Wachowska, U., Rychcik, B., Mikołajczyk, W., & Sadowski, T. (2012). Health of spelt wheat (Triticum spelta) cultivated in ecological and conventional systems.
Abstract. In 2008-2010, in the area of north-eastern Poland, a field experiment was carried out in a randomised block design in three replications, in which spelt wheat of the Schwabenkorn cultivar was grown in ecological and conventional systems. The aim of the research was to assess the health condition of spelt wheat cultivated in the compared crop rotation systems. Symptoms of powdery mildew of cereals and grasses, septoria leaf blotch of wheat and wheat brown rust were observed on the leaves of spelt wheat. The intensity of those diseases was significantly dependent on the year of research. In 2008, lower leaves of spelt wheat showed prevailing symptoms of infection with Blumeria graminis and Puccinia recondita and in the other years of research they displayed symptoms of leaf infestation with Mycosphaerella graminicola.
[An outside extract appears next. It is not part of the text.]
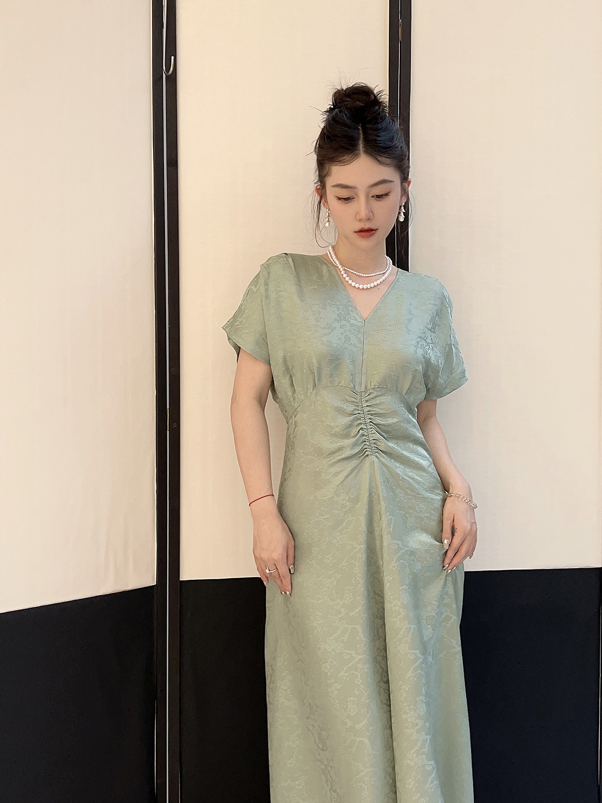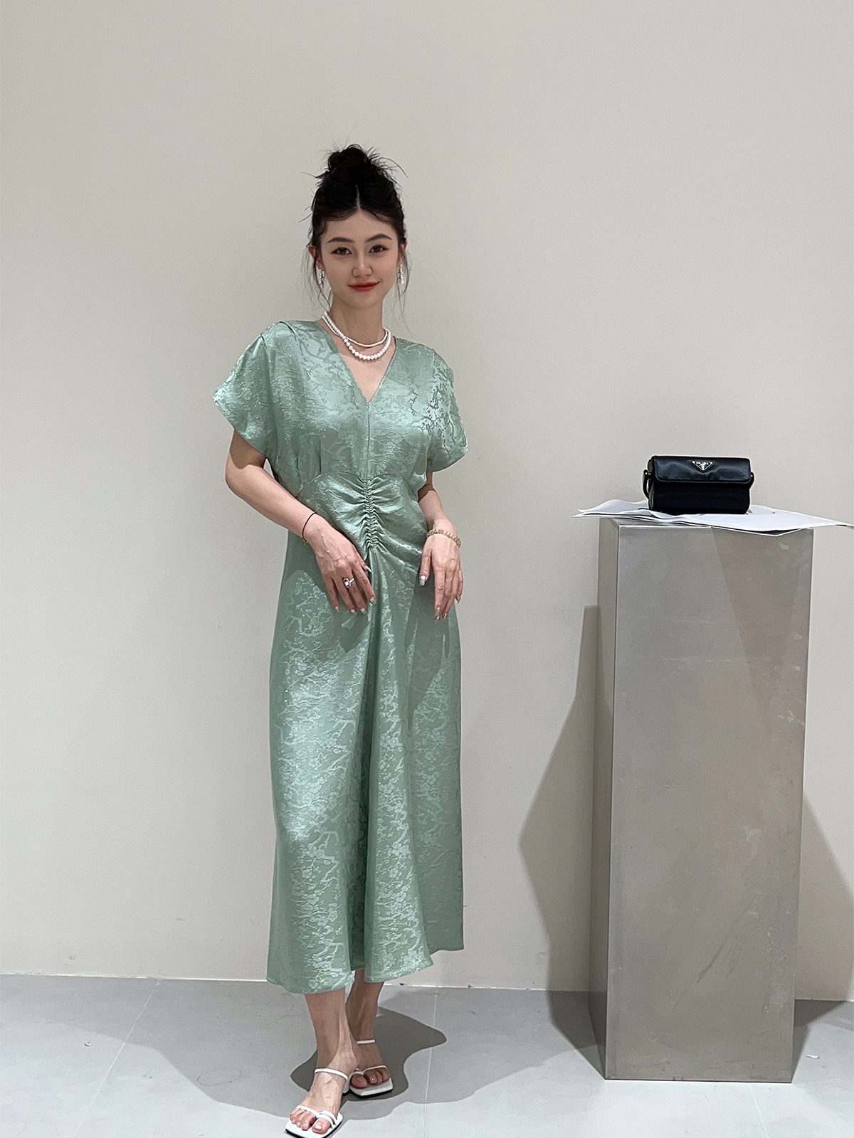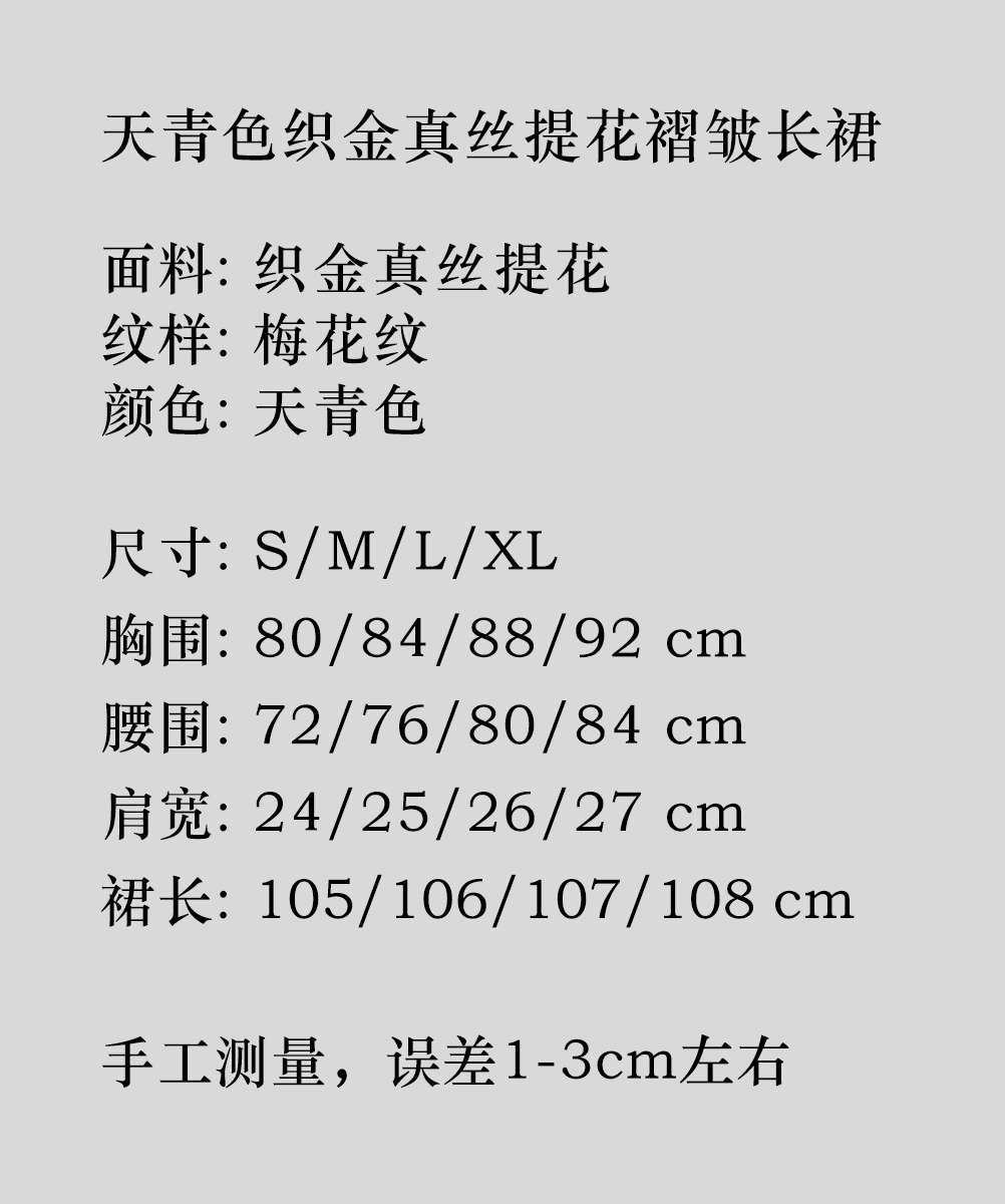 盛唐牡丹 |天青色织金真丝提花褶皱长裙

The average intensity of symptoms of powdery mildew of cereals and grasses was significantly lower in the ecological crop rotation than in the conventional crop rotation system. Symptoms of brown rust were most frequently observed in the ecological crop rotation system. The system of crop cultivation did not have a significant effect on the intensity of septoria leaf blotch of spelt wheat or the intensity of stem base diseases.
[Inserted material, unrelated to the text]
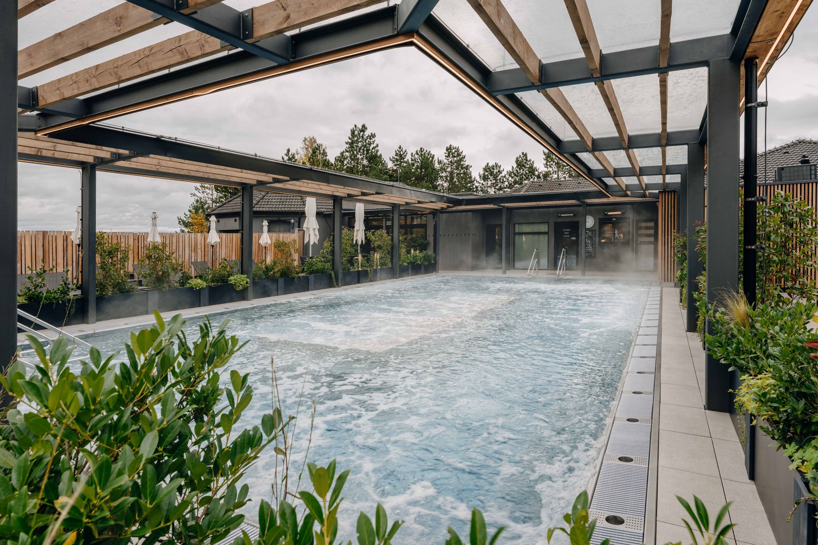 Vedle bazénu se nachází prostorná panoramatická odpočívárna s pohodlnými lehátky, ze kterých si můžete vychutnat výhled na novou ceremoniální saunu. Atmosféru doplňují všudypřítomné rostliny, svícny a příjemná vůně.
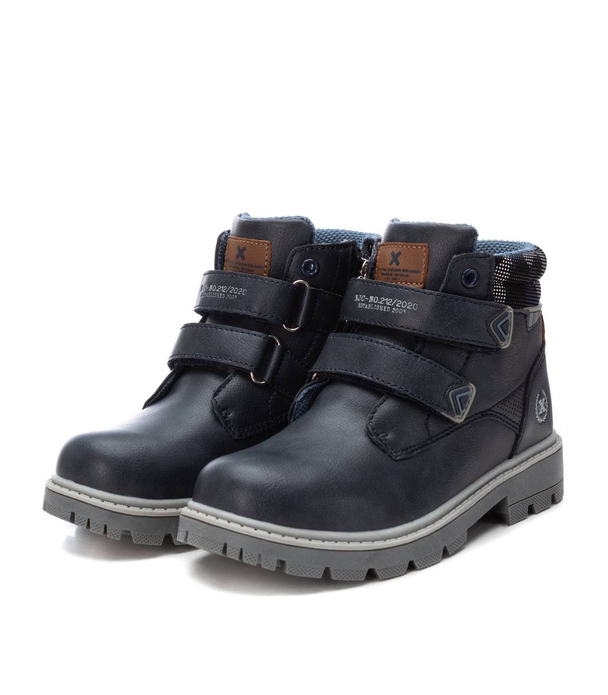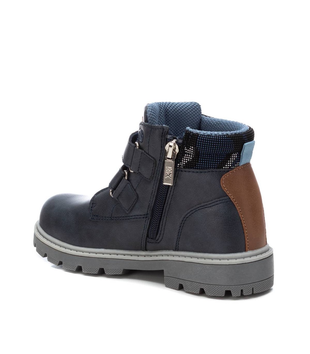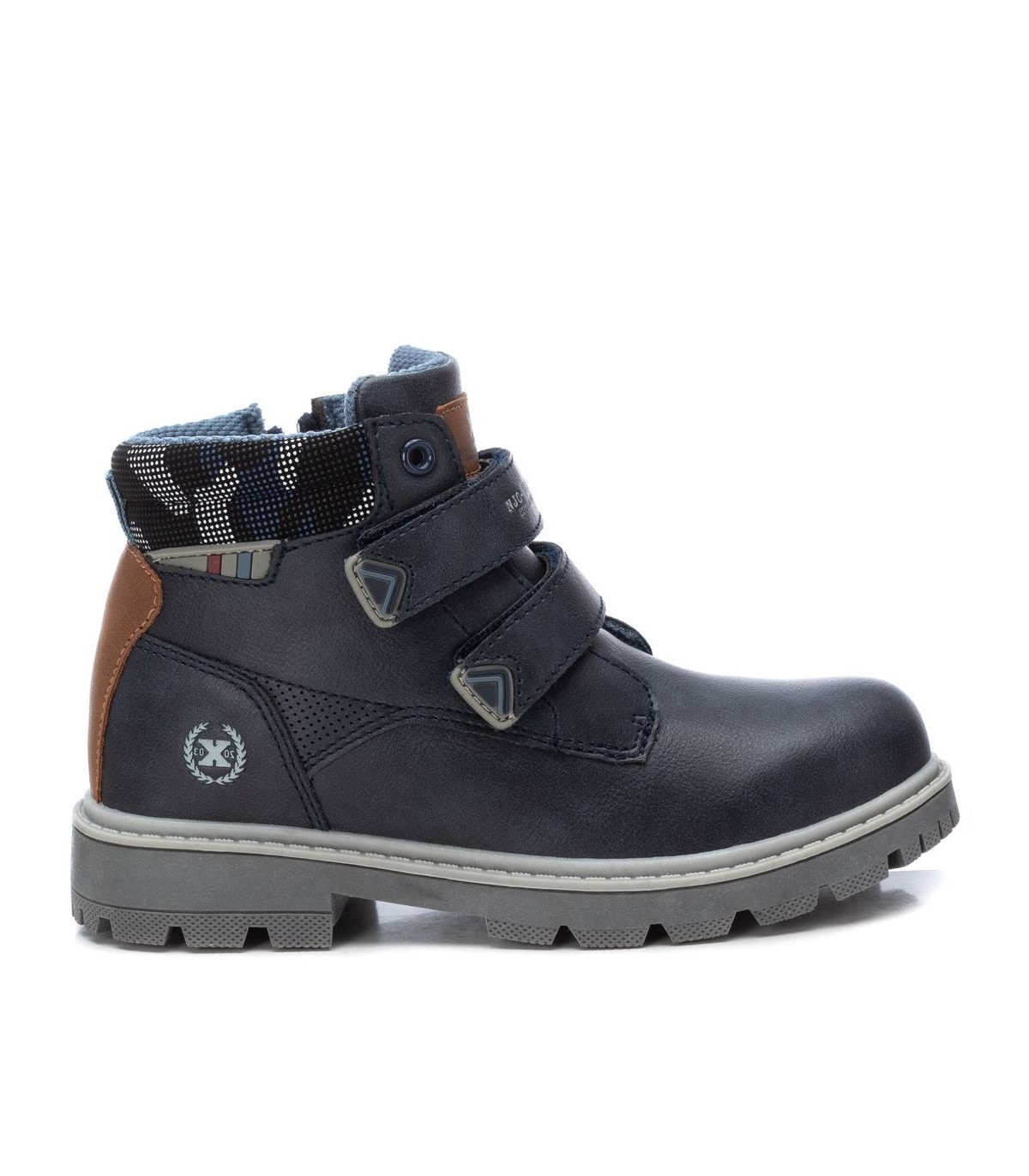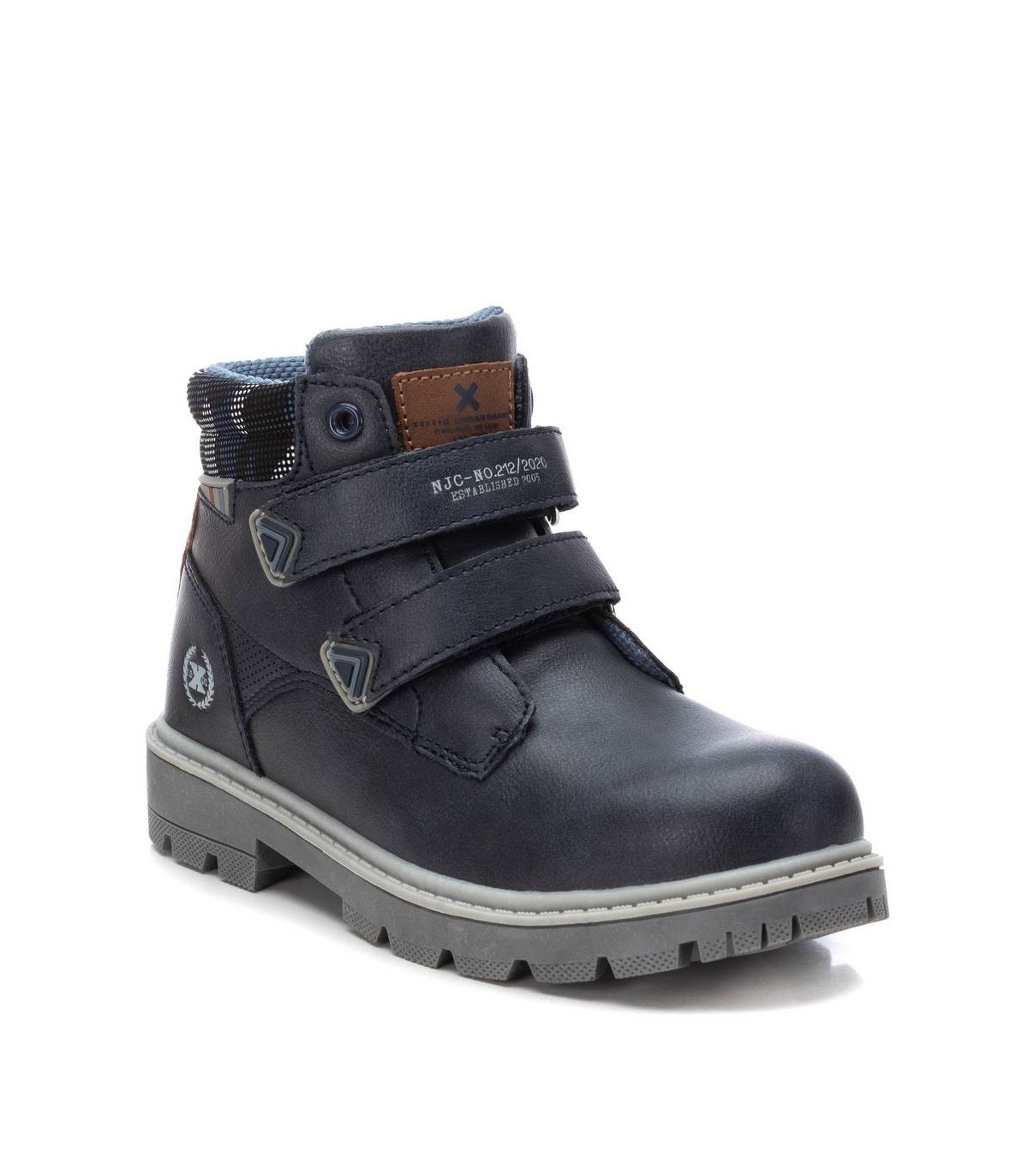 Botín de niño, de la marca Xti Kids. Fabricado en material que imita a la piel con collarín acolchado para mayor confort. Cierre mediante tiras adherentes. Tirador trasero para facilitar la puesta. Gruesa suela de goma antideslizante, perfecta para todos los terrenos. Este modelo ha obtenido el certificado vegano por la organización mundial PETA (Organización de los derechos de los animales).

Kiš, D., Kalambura, S., Marić, S., Guberac, V., Jovičić, N., Guberac, S., & Slipčević, D. (2016). Spelt (Triticum spelta L.)-healthy food.
Abstract. Spelt (Triticum spelta L.), also known as dinkel wheat or hulled wheat, is one of the oldest known grains and it originates from Asia. It was known even to the Egyptians, the oldest findings of this type of wheat were found in the Nile valley and they date to the fourth millennium BC. This edible, chaff-like, type of wheat was used for food by the ancient Romans who grew it throughout the empire. This cereal was very important from the Bronze Age to the Middle Ages in Europe. However, in recent times it has largely been replaced by other types of wheat (Triticum aestivum and Triticum durum). This grain has again started attracting attention in the past two decades because of the possibility of organic breeding, since it requires lesser use of fertilizers and pesticides compared to the common wheat. Due to the increasing awareness of consumers who pay more attention every day to the variety and quality of food, spelt is increasingly gaining importance with the tendency of multiplying sown areas so the goal of this study was to determine the nutritional characteristics of spelt shelled beans of studied varieties Bc Vigor and Ostro (water content, ash, starch, protein and crude fat) for nutritional use.